А еще он не должен одеваться как варвар, заплетать волосы в косы, драться со всеми подряд и держаться как простой воин. Еще ему желательно не заслонять собой всяких придурков, которых царица хочет прибить, и не пить этот мерзкий кумыс. А еще — не давать опрометчивых клятв насчет Кронового серпа, и не лезть в озеро, которое могут отравить водой из Леты.
Впрочем, та несомненно царственная черта, которая все же имелась у Владыки — а именно, привычка плевать на чужое мнение — Персефоне тоже не нравилась.
Но все, что так не подобало мрачному Владыке Подземного мира, вполне шло Аиду как человеку. То есть как богу, или как варвару.

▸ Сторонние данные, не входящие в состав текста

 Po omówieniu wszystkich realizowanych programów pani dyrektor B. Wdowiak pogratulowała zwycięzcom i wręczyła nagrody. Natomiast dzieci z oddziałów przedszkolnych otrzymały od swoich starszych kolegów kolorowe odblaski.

А вот «Аид», устроившийся у костра, ничем подобным не обладал. Он просто пытался изобразить подземного царя так, как сам его представлял.
Вот и сейчас он пожал плечами с едва заметной досадой:
— Когда ты пошла купаться, Минта сказала Гермесу, что им нужно что-то срочно обсудить во-он в тех кустах, и их до сих пор нет.

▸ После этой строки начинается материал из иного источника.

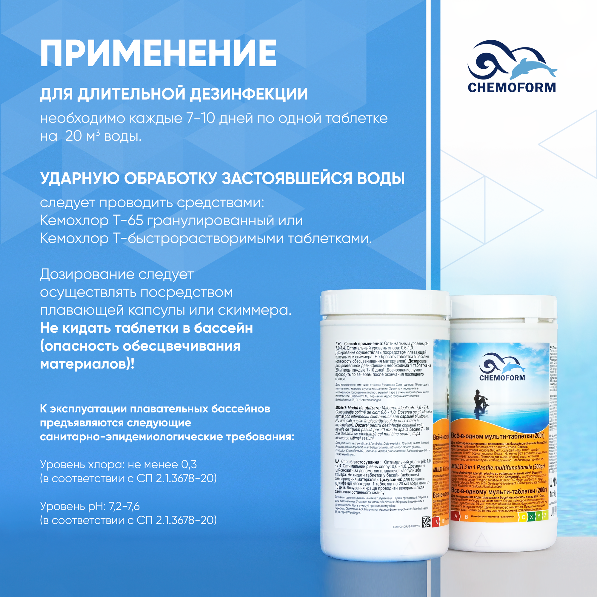 Chemoform "Всё-в-одном мульти-таблетки 200 г" для дезинфекции воды, 1 кг

Указанные кусты шевелились, временами из них доносилось хихиканье и взвизги темпераментной нимфы.
Персефона посмотрела в ту сторону и недовольно подумала, что сестричка опять ухитрилась затащить кого-то в свою постель, а у нее даже поцеловать никого не выходит.
А, впрочем, стоит ли сравнивать Гермеса с Аидом?

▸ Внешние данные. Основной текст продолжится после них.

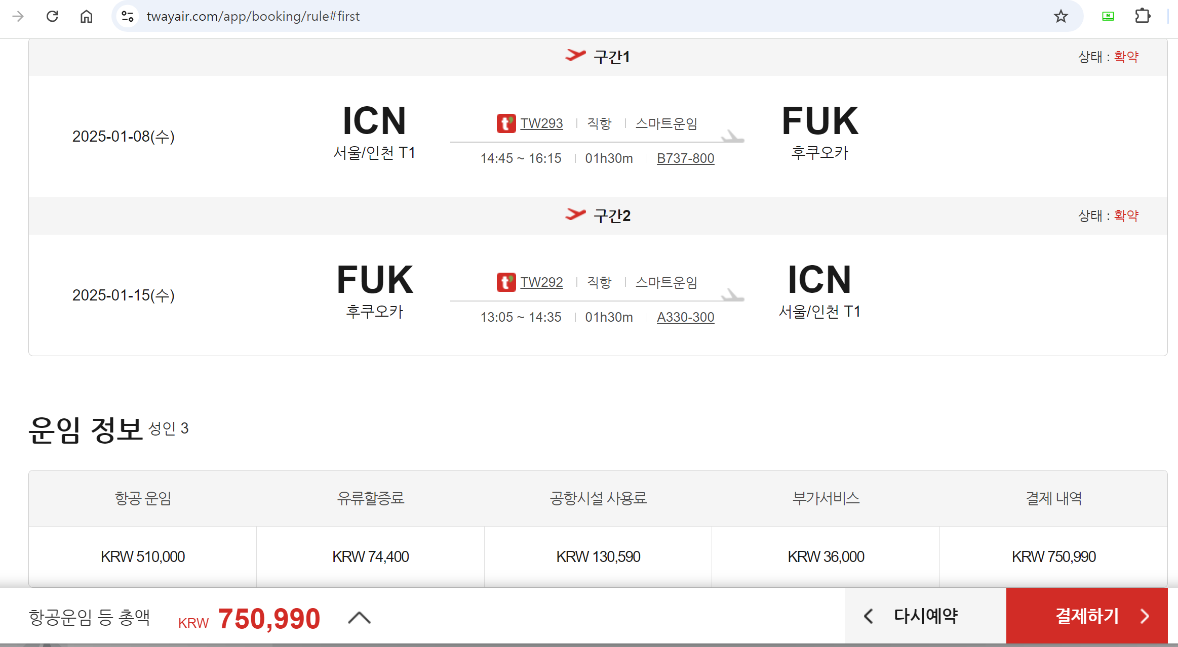 인천-후쿠오카 티웨이 항공은 하루에 여러편이 있으므로 이점도 잘 살피면 좋을 것 같다.

И стоит ли думать о поцелуях, когда на носу война?
Непросто было признать, но, глядя тогда в темные глаза Владыки, ей в первую очередь нужно было думать о том, как отомстить за дочь, уничтожить Ареса, найти Зевса и Посейдона, раскрыть заговор подземных и олимпийцев и наказать виновных, и только потом о черной озерной глади, серебристом свете луны, отражающимся в волосах экс-царя, и его улыбке.
— …конечно, ему непросто, но…
Персефона поймала на себе странный взгляд лже-Владыки и поспешила убрать улыбку. Псевдо-Аид как раз рассуждал о страданиях Гермеса, и ее улыбка выглядела издевательски.
— Не знаю, как тебе, а мне его не жаль, — заявила царица. — Гекату да, а его нет.
Тут фальшивый Аид взялся ее переубеждать, и за словами про Гермесово одиночество ощущалась мука. Чувствовалось, что рассказчик сам много пережил, выстрадал в странствиях…
В общем, существо, маскирующееся под Аида, ужасно переигрывало. Когда они были вчетвером, это не бросалось в глаза, но теперь Персефона знала, на что обратить внимание. По любви к театральным эффектам безошибочно идентифицировалась Эмпуса — кровожадная бестия, в своем естественном облике изрядно напоминающая плод любви Геры и Пана, с объемом талии, сопоставимым с плечами Геракла, и с ослиными ногами. Причем правление настоящего Аида она не застала, и теперь старательно подбирала образ — иногда попадая, а иногда совершенно не вписываясь в образ, как тогда, когда Персефона впервые ее заподозрила.
Определенно, с такой любовью к патетике ей следовало изображать не Аида, а Гермеса в депрессии.
Персефона попыталась представить Эмпусу, изображающую Гермеса, изображающего Гекату, и поняла, что ее сознание просто не в состоянии вместить этот шизофренический бред.
Поэтому она решила быстрее вернуться к первоначальному плану.
— Там, в озере, был какой-то голый мужик. Утверждал, что Аид, — небрежным тоном сказала она, разглядывая даже не темные глаза «Аида» (с ее точки зрения они все равно были недостаточно темными), а оранжевые отблески пламени на его острых скулах.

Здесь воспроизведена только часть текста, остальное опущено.